>>>>

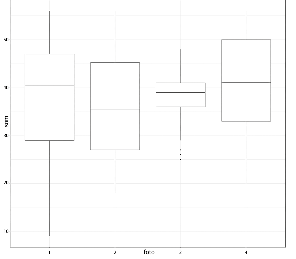 Tot slot is er ook de beperking dat de foto’s telkens in dezelfde volgorde werden aangeboden, en er dus niet werd gecorrigeerd voor het volgorde-effect middels randomisatie hiervan.
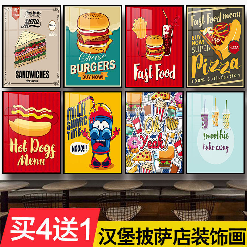 汉堡店墙面创意装饰画立体海报挂件饮品个性壁画披萨店装饰品挂画
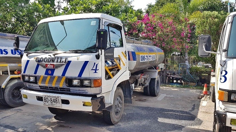 กู๊ดวิลล์ บริการน้ำประปาจัดส่งน้ำ ส่งน้ำประปาสมุทรปราการ ส่งน้ำใช้เพื่อในโรงงานอุตสาหกรรม จัดส่งด้วยรถบรรทุกน้ำ 6 ล้อ แท้งค์สแตนเลสไร้สนิม มีขนาดเดียว 6,500 ลิตร
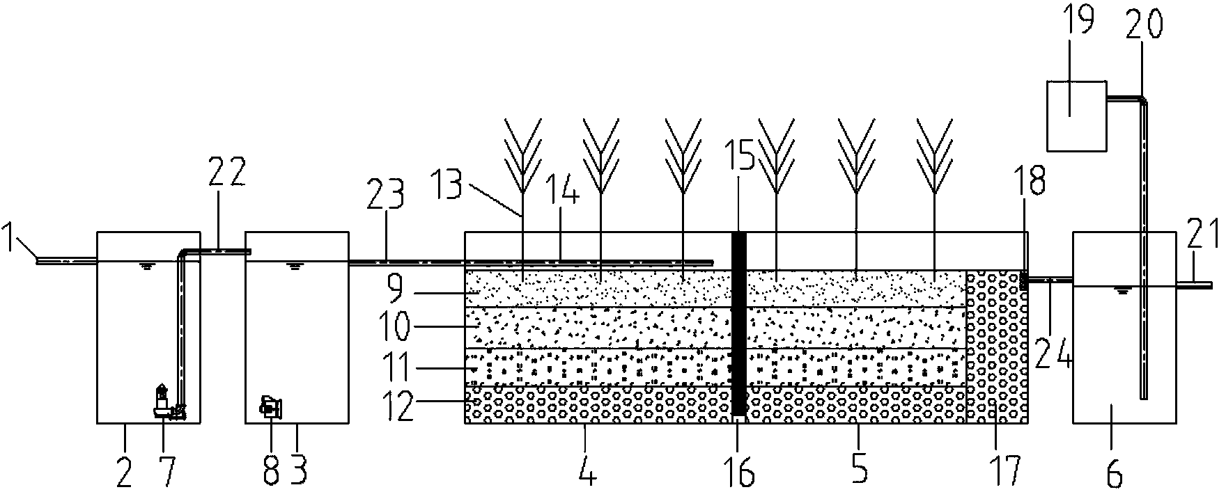 1.一種用于海水養殖廢水處理的人工濕地系統,其主要包括原水管(1)、調節池(2)、 酸化水解池(3)、濕地區域、出水池(6),其特征在于:所述原水管(1)連接到所述 調節池(2)內,所述調節池(2)通過水管Ⅰ(22)與所述酸化水解池(3)對應連接, 所述酸化水解池(3)通過水管Ⅱ(23)連接濕地區域,濕地區域后連接出水碎石層(17), 所述出水碎石層(17)通過水管Ⅲ(24)與所述出水池(6)對應連接,所述出水池(6) 上連有可添加消毒藥劑(19)的消毒管道(20),濕地區域設有四個填料層,從上到下 依次是土壤層(9)、礫石層(10)、牡蠣殼(11)、碎石層(12),濕地區域中間設有一 道隔離墻(15)將濕地區域分隔成下行流濕地區域(4)和上行流濕地區域(5)兩個區 域,所述的隔離墻(15)下設有過水孔(16),所述下行流濕地區域(4)上設有布水管 (14)。
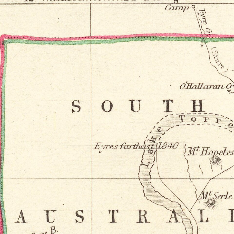 Gorgeous full color example of this wonderful map of Australia, with vignettes of Parrots, two sets of Aborigines, Kangaroos, and Sydney.
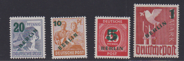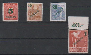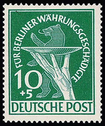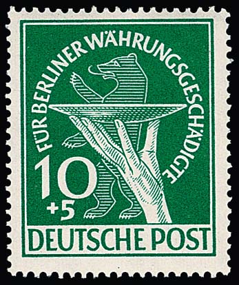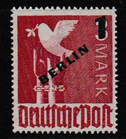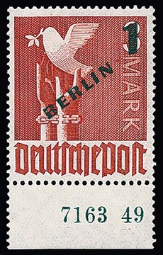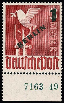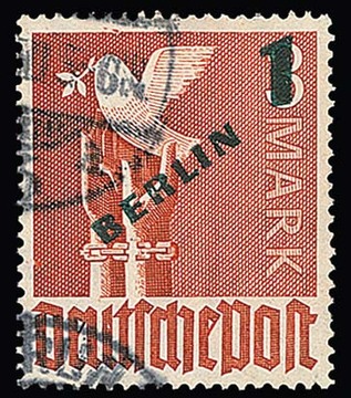 1 DM Grünaufdruck, "Berlin"-gestempeltes Bedarfsstück mit gut sichtbarem Plattenfehler der Urmarke, "Strich oben am Bildrand über Kopf der Taube", siehe Foto. Dieser Plattenfehler war gestempelt bisher nicht bekannt und ist im Michel ohne Preis!
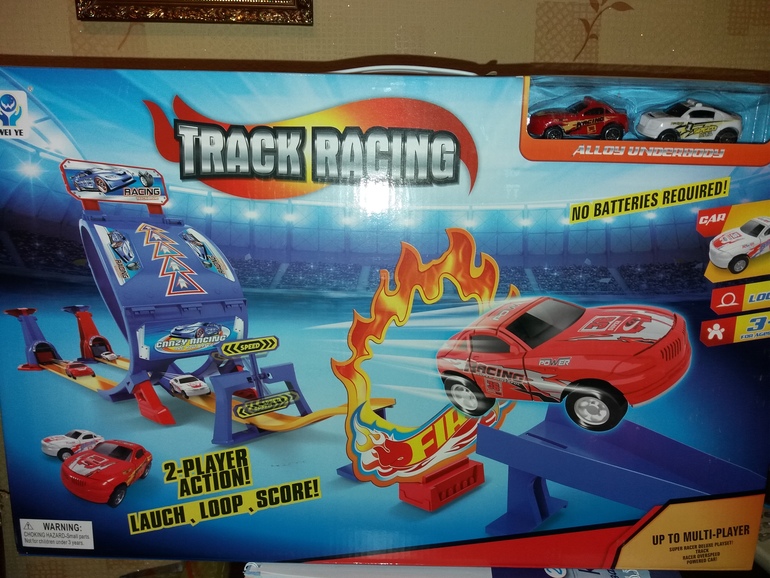 От моих родителей трек с пусковым устройством(вторая часть трека ждет на нг,там гонки на время а так же от них билеты на елку)
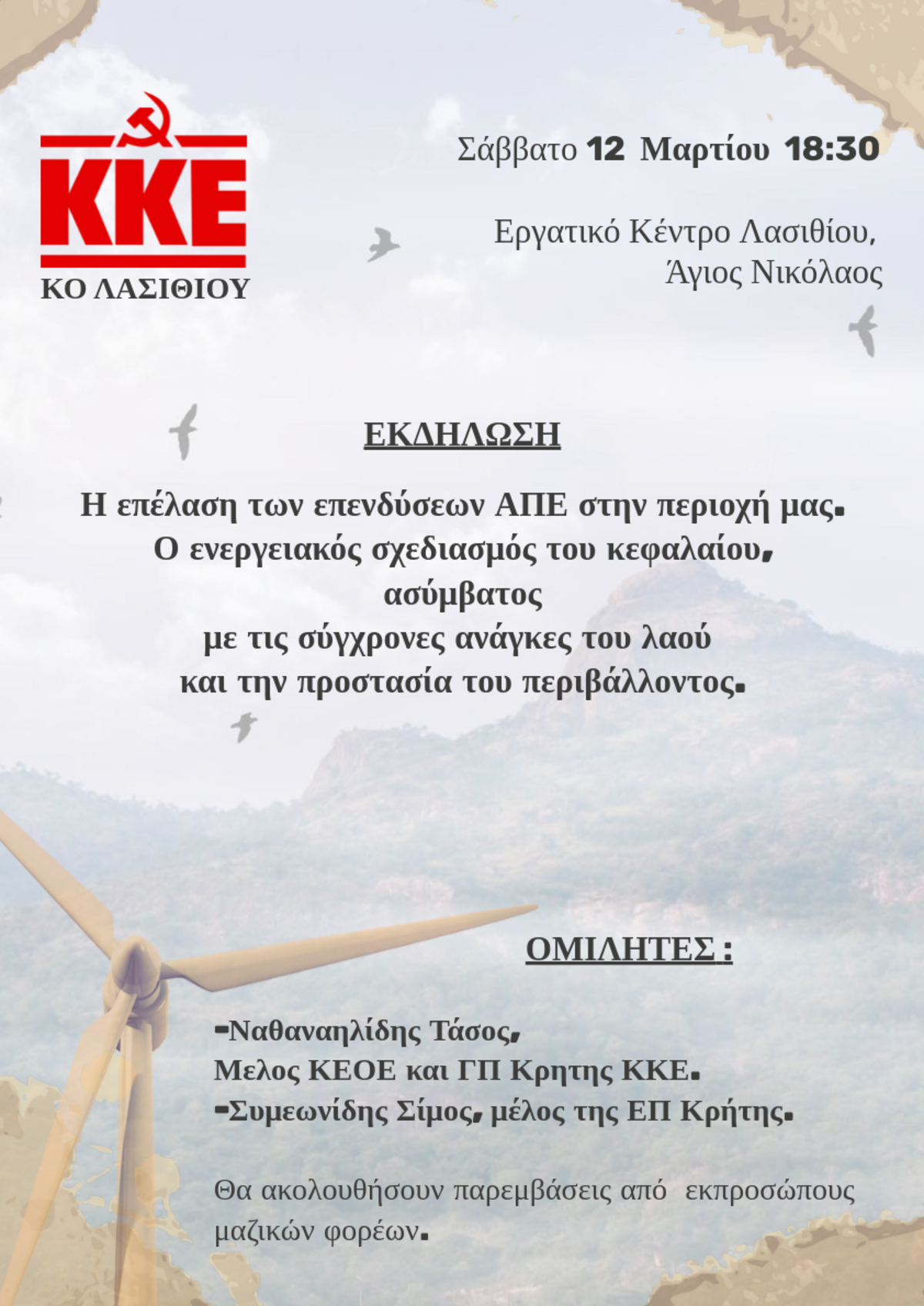 Το Σάββατο 12 Μαρτίου, στις 18:30 στο Εργατικό Κέντρο Λασιθίου στον Άγιο Νικόλαο, με ομιλητές τους:
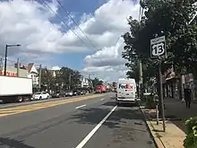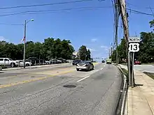 When the Sproul Road Bill was passed in 1911, the road between Chester and Philadelphia was legislated as part of Legislative Route 180 and as Legislative Route 150 between Philadelphia and Morrisville.[16] With the creation of the U.S. Numbered Highway System in 1926, US 13 was designated through Pennsylvania from the Delaware border in Marcus Hook northeast to US 1/PA 1 at Bridge Street in Morrisville.[17] The route followed Post Road between Marcus Hook and Chester, Chester Pike between Chester and Darby, and Main Street through Darby before it reached Philadelphia. This route effectively replaced part of the Capitol Trail, an auto trail connecting Philadelphia and Atlanta via Washington DC.[18][19] US 13 passed through Philadelphia along Woodland Avenue, Market Street, Broad Street, Diamond Street, Front Street, Kensington Avenue, and Frankford Avenue. The route continued into Bucks County and followed Bristol Pike to Morrisville, where it headed north on Philadelphia Avenue and Pennsylvania Avenue to US 1. In Philadelphia, US 13 ran concurrent with US 1 on Woodland Avenue north of Baltimore Avenue, US 1 and US 30 on Market Street and Broad Street north to Vine and Race streets, and US 1 on Broad Street between Vine Street and Diamond Street.[17][20][21] US 13 was originally designated concurrent with PA 91 between the Delaware border and Philadelphia and with PA 32 between Philadelphia and Morrisville, where that route continued north along the Delaware River.[22] In 1928, the concurrent PA 91 and PA 32 designations were removed.[23]
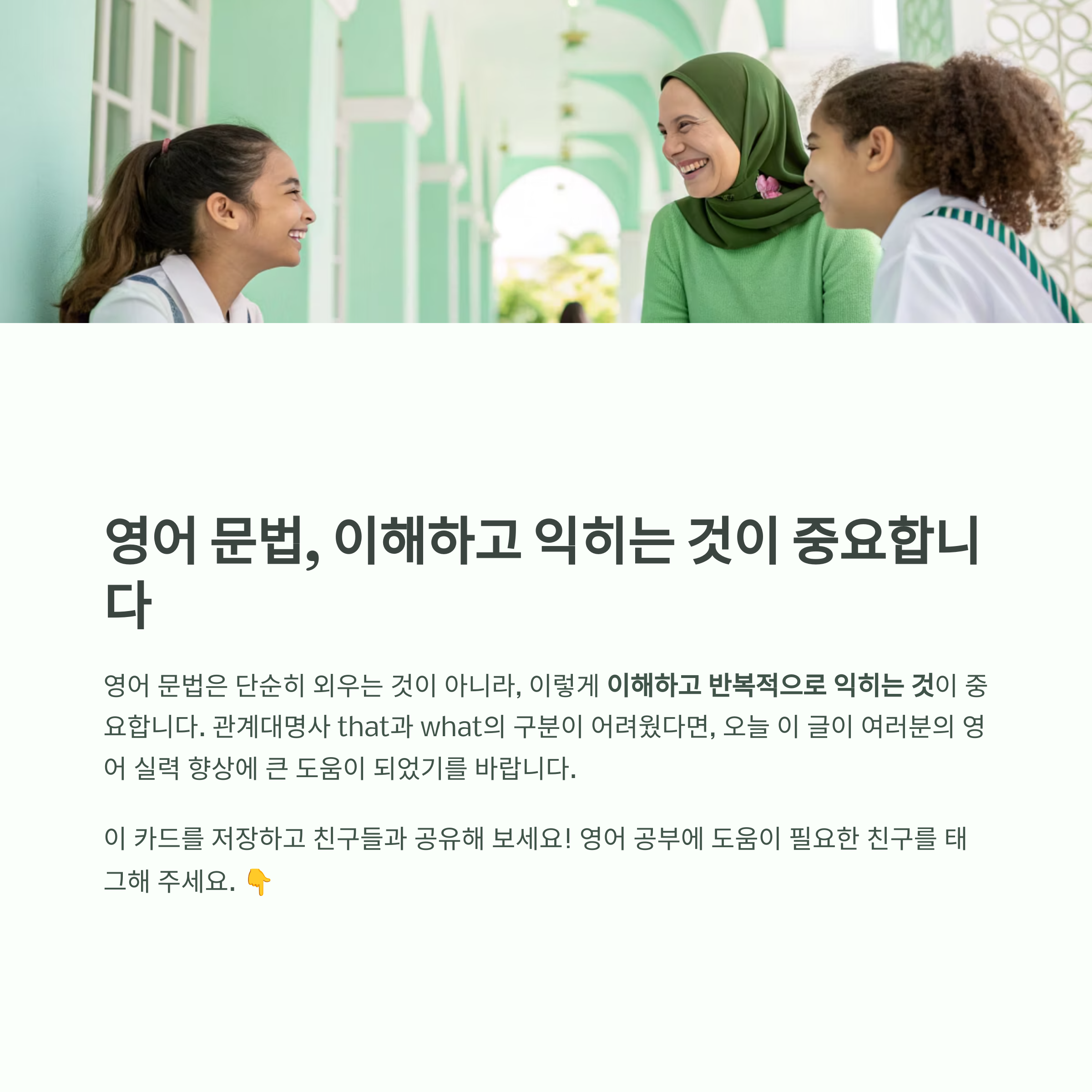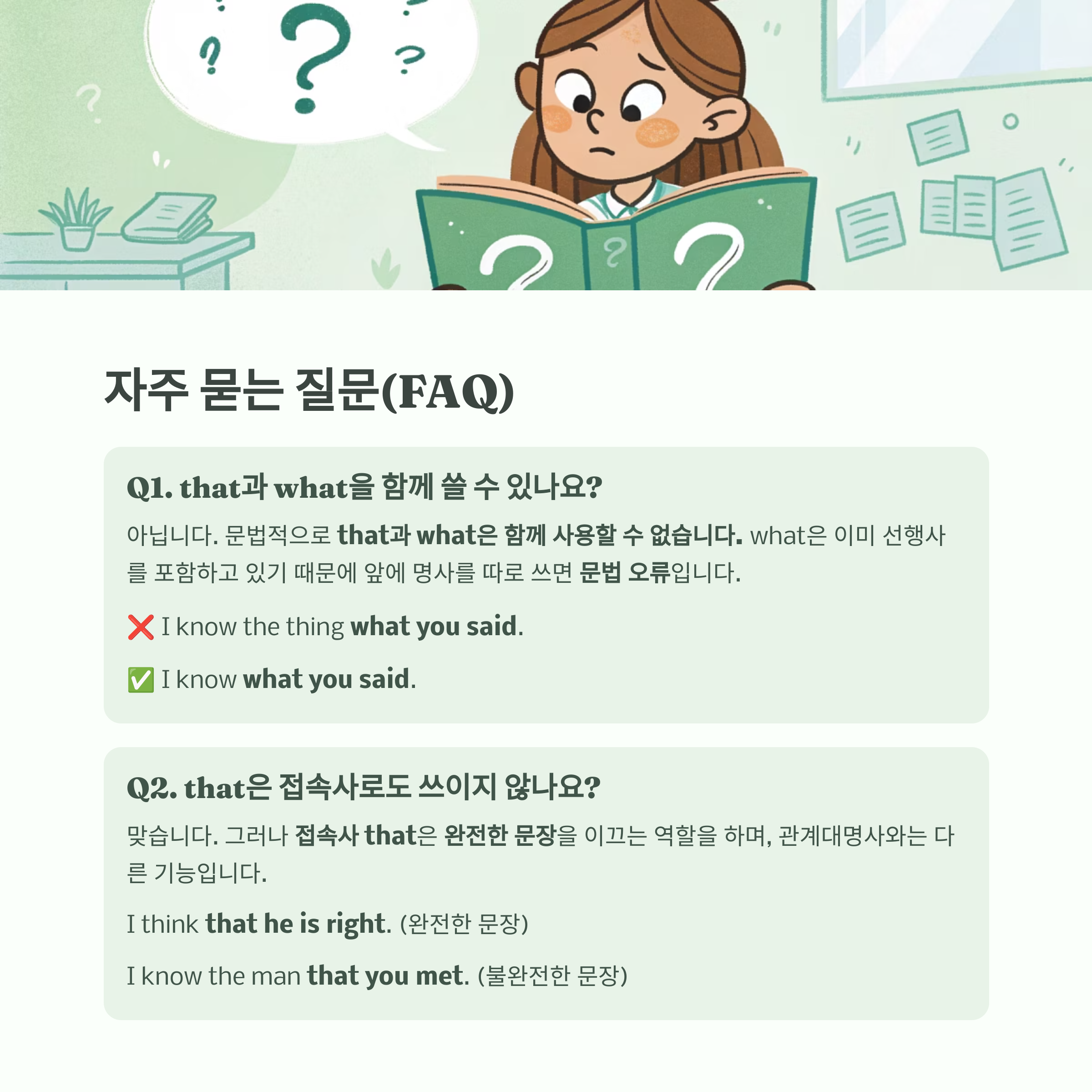 📌 관계대명사 that과 what의 구분이 어려웠다면, 오늘 이 글이 여러분의 영어 실력 향상에 큰 도움이 되었기를 바랍니다.

<<<<

Retype the entries above exactly, starting at their first line and ending with the line that holds "汉堡店墙面创意装饰画立体海报挂件饮品个性壁画披萨店装饰品挂画"; pictures stay out.

 Tot slot is er ook de beperking dat de foto’s telkens in dezelfde volgorde werden aangeboden, en er dus niet werd gecorrigeerd voor het volgorde-effect middels randomisatie hiervan.
 汉堡店墙面创意装饰画立体海报挂件饮品个性壁画披萨店装饰品挂画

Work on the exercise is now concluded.